The author's own writings are combined with essays from experts on migration, refugee rights, politics and literature.

Freedom Only Freedom is an essay collection that reifies the notion that collective creativity is a balm to the soul. As well as essays by Behrouz Boochani that bring innovations to familiar themes, there are pieces by fellow journalists and distinguished supporters.

The Saturday Paper’s Erik Jensen writes about the publishing event of Boochani’s award-winning first book, No Friend But The Mountains and makes the necessary civil rights comparison to Martin Luther King’s Letter From Birmingham Jail. Historian Jordana Silverstein writes about Boochani’s testimony as a memorial archive not unlike the archive of Holocaust survivors such as Silverstein’s grandparents.

The Guardian journalist writes with the authority of fact on Australian corruption in the Pacific. And Anne McNevin’s philosophically sophisticated essay about epistemic care – care based on ways of knowing – reminds us that when we are talking about the ways authorities use language violently we are also talking about acts of violence that should be exposed by a multitude, not just a lone creative genius.

For those who unaware of the extraordinary circumstances surrounding the writing and eventual publication of No Friend But The Mountains, this autobiographical account of Boochani’s journey to Christmas Island and subsequent incarceration in an immigration detention centre was published in 2019. Boochani had to barter cigarettes for time to write it. Imprisoned on Manus Island, the refugee writer’s saved cigarettes could be exchanged for a mobile phone, which he could then use to send fragments in Persian via WhatsApp to his friend, a community worker and advocate Moones Mansoubi.

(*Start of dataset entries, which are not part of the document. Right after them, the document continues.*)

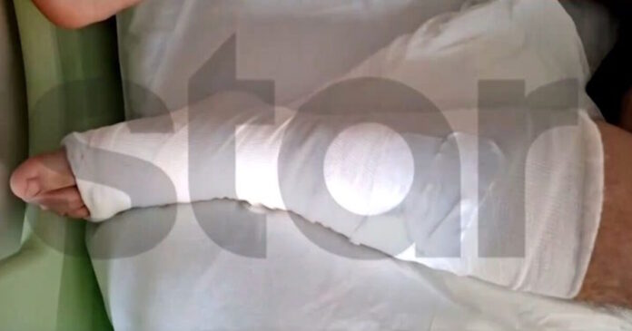 Στις εικόνες που εξασφάλισε το Star φαίνεται το ένα του πόδι να είναι τυλιγμένο με γάζες μετά το χειρουργείο στο Καραμανδάνειο.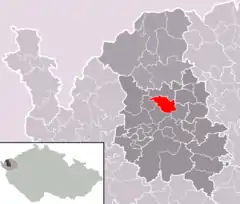 Se encuentra ubicada al norte de la región, cerca de la orilla del río Ohře —un afluente izquierdo del río Elba—, y a poca distancia al sur de la parte occidental de los montes Metálicos y de la frontera con Alemania.[1]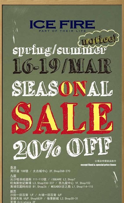春夏的Seasonal Sale又到了!全店八折优惠,限定四天(16th-19th March)。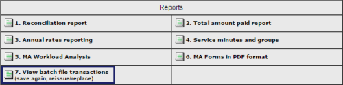 1. Navigate to the MA reports menu, click on “View batch file transactions”.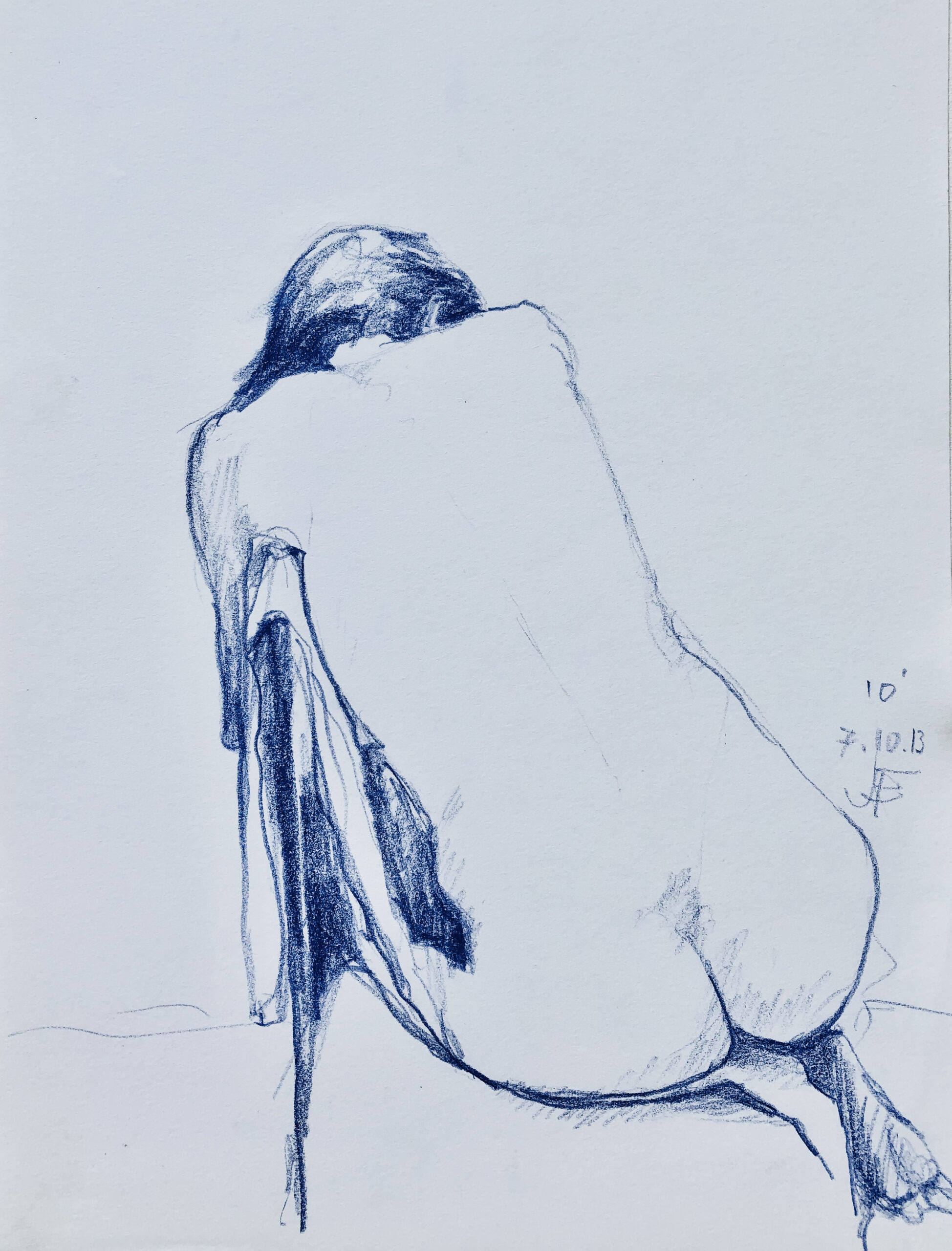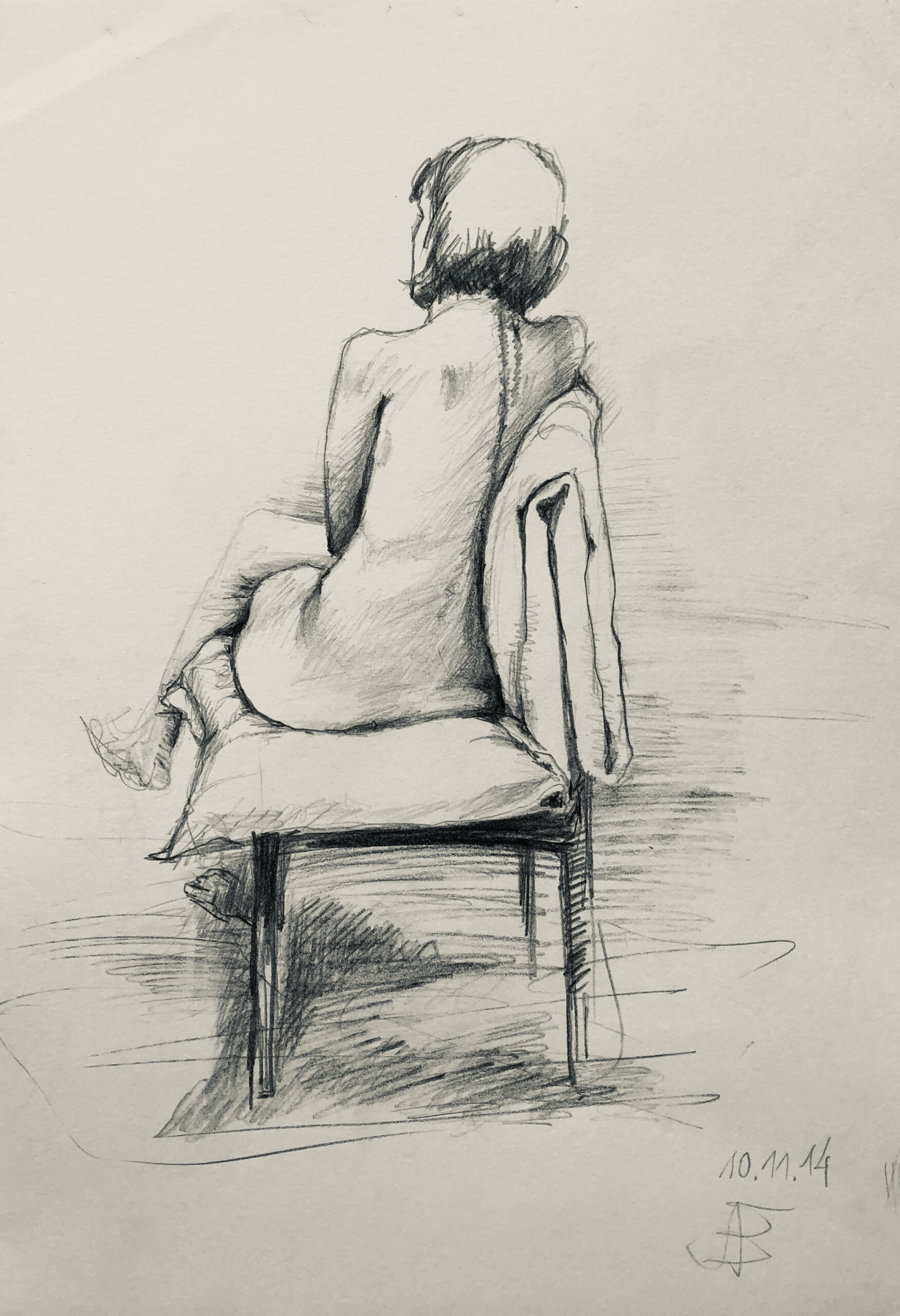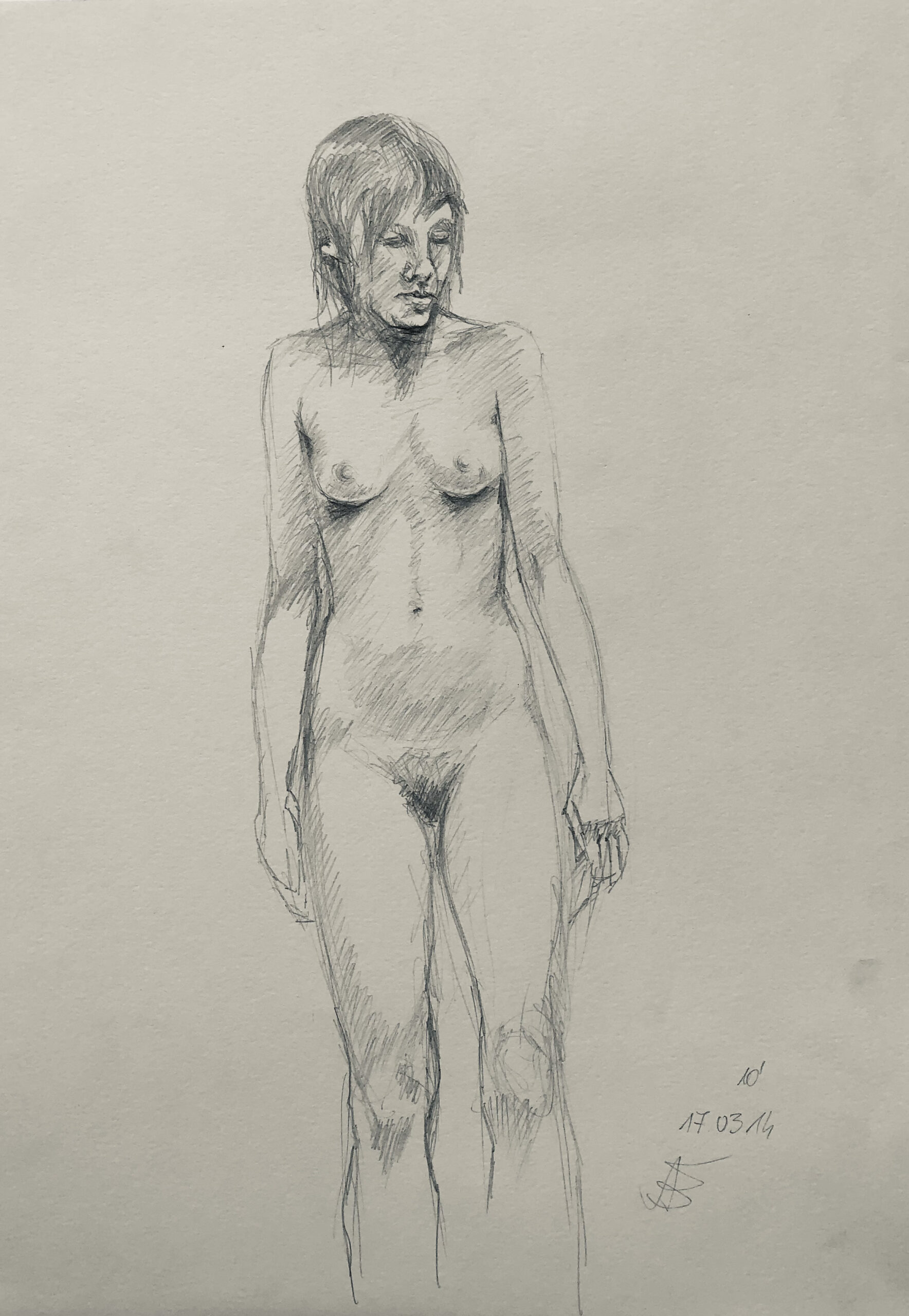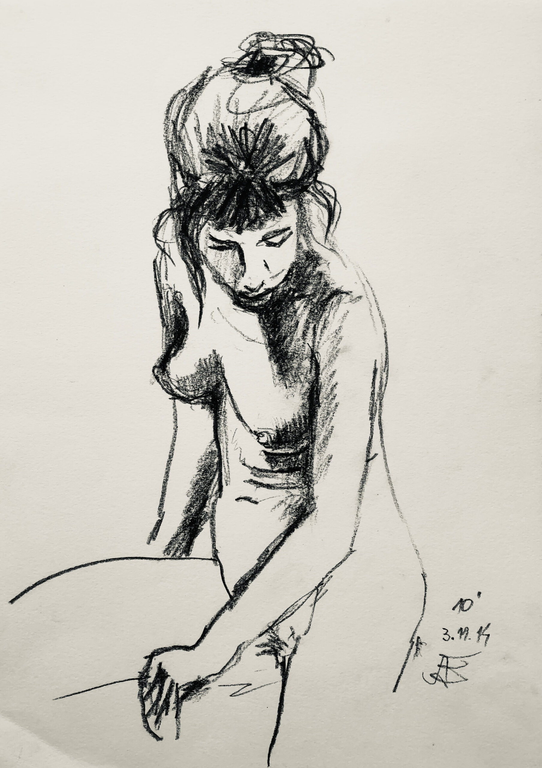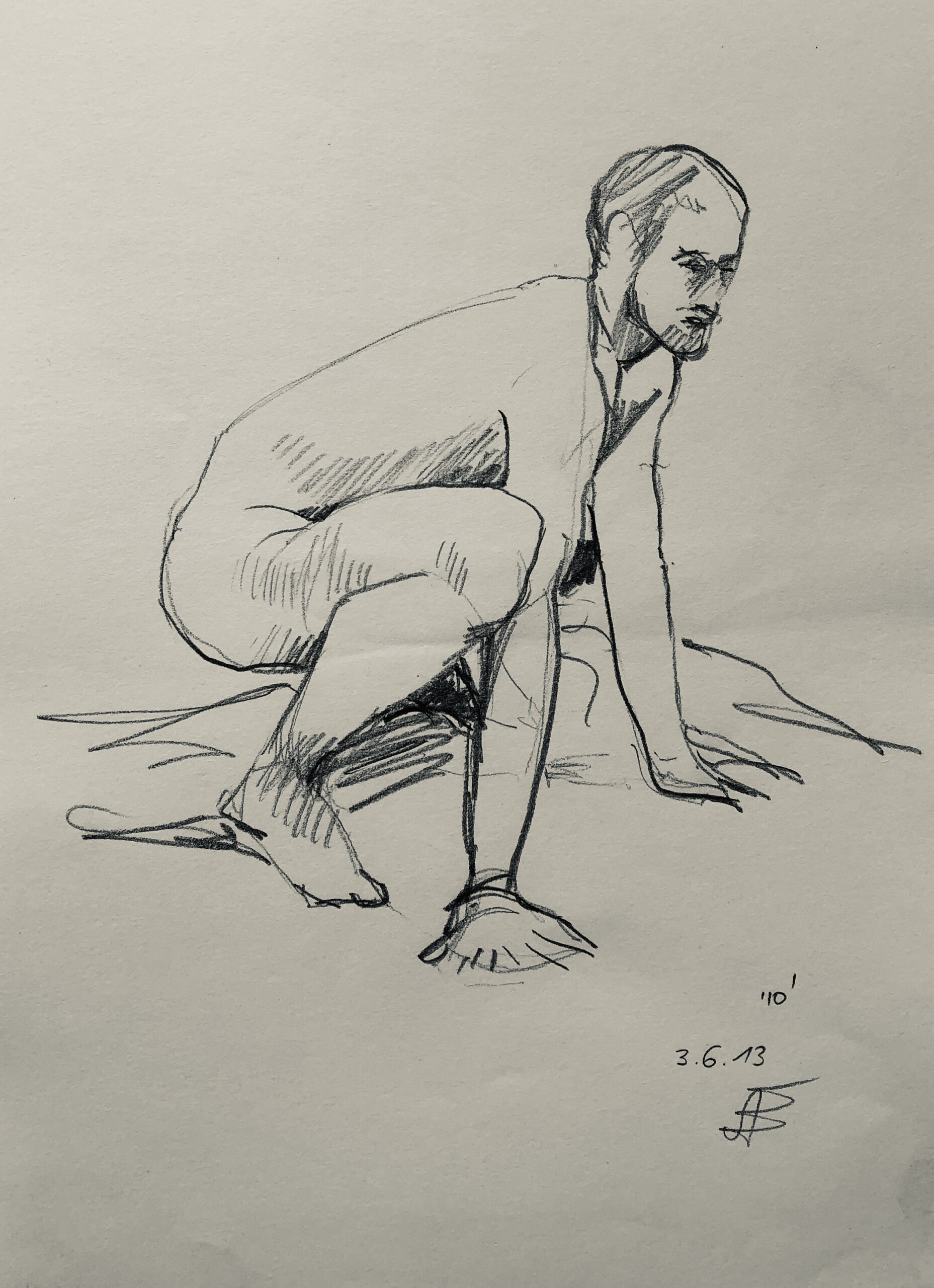 Oft sind es Schnellzeichnungen z.B. 10′ Minuten oder 15′ Minuten. Die Dauer des Zeichnens (10′) steht neben der Initialen.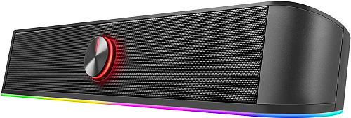 Компактный саундбар с LED подсветкой и функцией Bluetooth под монитор вашего ПК. Регулятор громкости со встроенным выключателем удобно расположен на передней панели, а на верхней панели сенсорная панель управления подсветкой и переключения режимов AUX/Bluetooth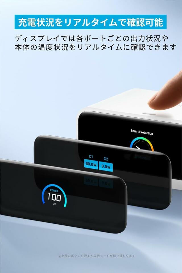 本体正面のディスプレイに各ポートの出力状況が表示されるのもGOOD。ディスプレイは1.3インチと大きく、見やすいですよ。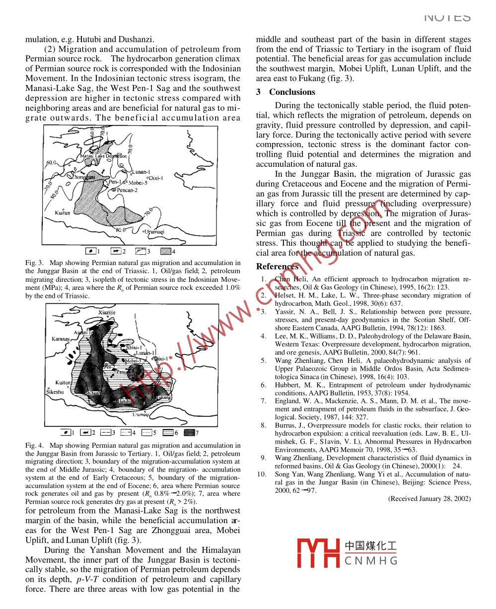 strating that the method of trend analysis of sediment grainsize is fit to the depositional area of fine-grained sedimentson large-scale continental shelf. Constant sampling intervaland suitable comparative distance(Der) are the key to leading grain size trend analysis to be reasonableInteraction of fluid dynamicAcknowledgements This work was supported by the Project of"China- factors in the migrationific Foundation of State Oceanic Administration( Grant No. 97401)and accumulation ofReferencesnatural gas1. Mclaren, P, An interpretation of trends in grain size measurements,Journal of Sedimentary Petrology, 1981, 51: 6112. Mclaren, P, Bowles, D, The effects of sediment transport on grainSONG Yan2, XIA Xinyu, WANG Zhenliang,WANG Yi%& HU Shengbiao53 SIze distribution, Journal of Sedimentary Petrology, 1985, 55: 457t sediment transport patterns inferred from 1. Research Institute of Petroleum Exploration and Development, Beijinggrain-size trends, based upon definition of"transport vectors"-reply,100083 China.Institute of Geochemistry, Chinese Academy of Sciences, Guiyan50002. China4. Gao, S, Collins, M, Analysis of grain size trends, for defining 3. Northwest University, Xi'an 710069, Chinasediment transport pathways in marine environments, Journal 4. Chinese University of Petroleum, Dongying 257062, China;Coastal Research, 1994. 10: 705. Institute of Geology, Chinese Academy of Sciences, Beijing 1000295. Gao Shu, Collins, M, Sediment grain size trend and marine sediment dynamics, Chinese Scientific Foundation(in Chinese), 1998 Correspondence should be addressed to Song Yan(e-mail: sya@ petro-12(4):2416. Cheng Peng, Gao Shu, Characteristics of grain size parameters and Abstract The migration of fluid petroleum gas, describecnet transport trend of seabed sediments in the North Yellow Sea, as fluid potential, depends only on gravity, fluid pressure con-Oceanologia et Limnologia Sinica(in Chinese), 2000, 31(6): 604trolled by depression and capillary force during tectonically7. Qin Yunshan, Zhao Yiyang, Chen Lirong et al., Geology of the stable period; but on tectonic stress during the tectonicallyYellow Sea (in Chinese). Beijing: China Ocean Press, 1989, 65- active period with severe compression. This method is appliedin the junggar Basin, showing that the migration of Jurassic8. Liu Minhou, Wu Shiying, Wang Yongi et al., Late Quaternary gas during Cretaceous and Eocene and the migration of perGeology of the Yellow Sea (in Chinese), Beijing: China Oceanmian gas from Jurassic till the presetermined byPres,1987,24-44;362-70capillary force and fluid pressure (including overpressure)whi-ch is controlled by depression; the migration of jurassic gas9. Zhao Yiyang, Li Fengye, Qin Chaoyang et al., Discussion on the from Eocene till the present and the migration of Permian gassource origins and genesis of the Central Southern Yellow Sea Mud, during Triassic are controlled by tectonic stress10.Park, Y.A., Origin and Distribution patterns of Muddy Deposits in Keywords: petroleum migration, fluid potential, tectonic stress, fluidthe Yellow Sea, Proceedings of the First International Conferencpressure, Junggar Basin.on Asian Marine Geology, Beijing: China Ocean Press, 1990, 335350.Petroleum migration is one of the most significant11. Shen Shunxi, Li Anchun, Yuan Wei, Discovery of the cold water problems in basin analysis and petroleum exploration. Thegyre and channel deposits in the southern Yellow Sea, Oceanologia research of fluid dynamic history is an efficient methodet Limnologia Sinica( in Chinese), 1993. 24(6): 563.study petroleum migration and accumulation l. .Natural12. Tang Yuxiang, Zou Emei, Lee Heungjae, Characteristics of circula- gas migration is influenced directly or indirectly by thetion in the South Yellow Sea, Acta Oceanologia Sinica (in Chinese), following physical conditions of fluid and solid in the strata2000,22(1):1the buoyancy of hydrocarbon, formation water kinetic po13. Hu, D. X. Some striking features of circulation in Huanghai Sea tential, capillary forces, fluid pressure, tectonic stress andd East China Sea, Oceanology of China Sea, 1994, 1: 27elys). Mathematical and physical simulations were applied(Received February 21, 2002) in petroleum migration and accumulation study consideringsome of the above physical parameters in some basins 4.51However中國煤化工rbon buoyancy andfluid pressisSure brougCN MH Grocarbon generationduring depression) are considered in detail while the othertwo important factors of tectonic stress and capillary forceare usually omitted. The interaction of these factors lacksChine丹與數(shù)據(jù)?l∥ tin Vol47No14l?0021207de t ailed eI n gravity and fluid pressure, while the effect of capillaryfact, during most conditions of migration, petroleum is force is not obvious. For lateral migration, gravity and fluidunwettable to the surface of rock pore, the significance of pressure change slowly, thus capillary becomes the mostcapillary force cannot be omitted; besides, in the compress important factor controlling the migration and accumulationbasins in the western part of China, tectonic stress played of natural gas. It determines the migrating direction andan important role in petroleum migration and needs more accumulation area where migration stops. Due to the restriction of data acquisition, capillary force is totally omit-In this note, the interrelationship between the factors ted in some cases of basin simulation, so the oil potential orinfluencing the migration and accumulation of natural gas gas potential may be only correspond to structural surface,is studied theoretically. The results were applied in the which is not able to reflect the direction of petroleum miJunggar Basin as an examplegrationInterrelationship between the factors influencing theFrom formula(2), in order to gain the accurate valuemigration and accumulation of natural gasof capillary force, the radii of pore and throat should beanalyzed, meanwhile the surface tension of unw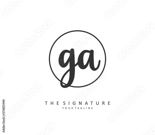 G A GA Initial letter handwriting and signature logo. A concept handwriting initial logo with template element.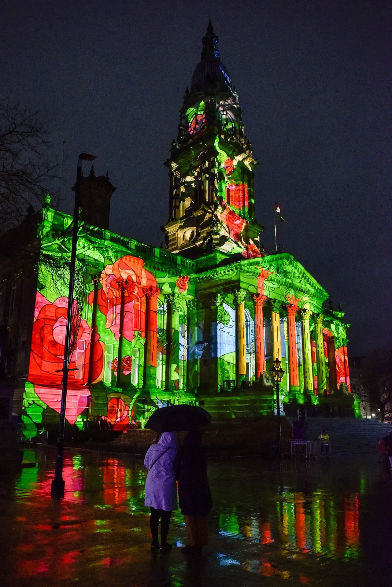The Town Hall’s vast façade (50m wide, 61m high), dark stone surface, and detailed architecture, including towering portico pillars and a prominent clock tower, posed major challenges. Achieving the creative vision required 150–180 LUX brightness, perfect projection across three building sides, and seamless integration of the staircase, all while avoiding shadows and maintaining flawless clarity.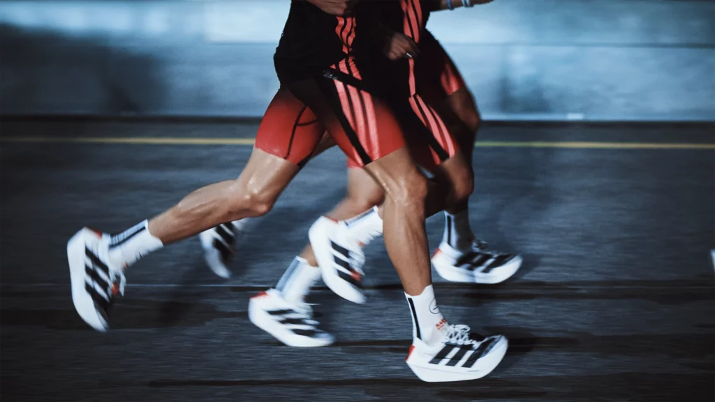 Cette hauteur de semelle intermédiaire de 50 millimètres place l’adidas Prime X Evo hors des réglementations de World Athletics.

The fragments were notable for their blend of anecdote and essay, Dickensian portraits and fierce polemic, with themes that included the injustice of arbitrary detention, the peril and bravery of the journey over, and the character sketches of the people Boochani met in immigration detention.

The Academic Omid Tofighian and Mansoubi would sequence it with his existing passages, then they would move on to the next. Three of them collaboratively came up with a book-length collection of essays that came to the attention of literary agent Jane Novak.

The rights were sold into nine territories, including the UK and the US, and the book was the recipient of several awards. When it won the Victorian Prize for Literature and the Victorian Premier’s Literary Award for Non-Fiction, Novak stayed up all night as messages of congratulations and support came in from all over the world. 

In his current collection, Freedom Only Freedom, the themes are familiar, but they are articulated with greater confidence and authority. One of its central arguments, voiced to The New York Times, is that immigration detention is a site of systematic torture of refugees. This argument, while emotive, and full of integrity, is hard to prove legally: it rests on whether abuse of refugee detainees is intentional, and for the purpose of extracting information or deterring further migration.

Whether or not it is provable to a legal standard, as an ethical argument it is arresting, and Boochani’s eye witness reports from detention are alive with human detail. The stories of children separated from parents or the ubiquity of self-harm underscores the fact that this pageantry of human suffering is real and urgent, whether or not it is intentional.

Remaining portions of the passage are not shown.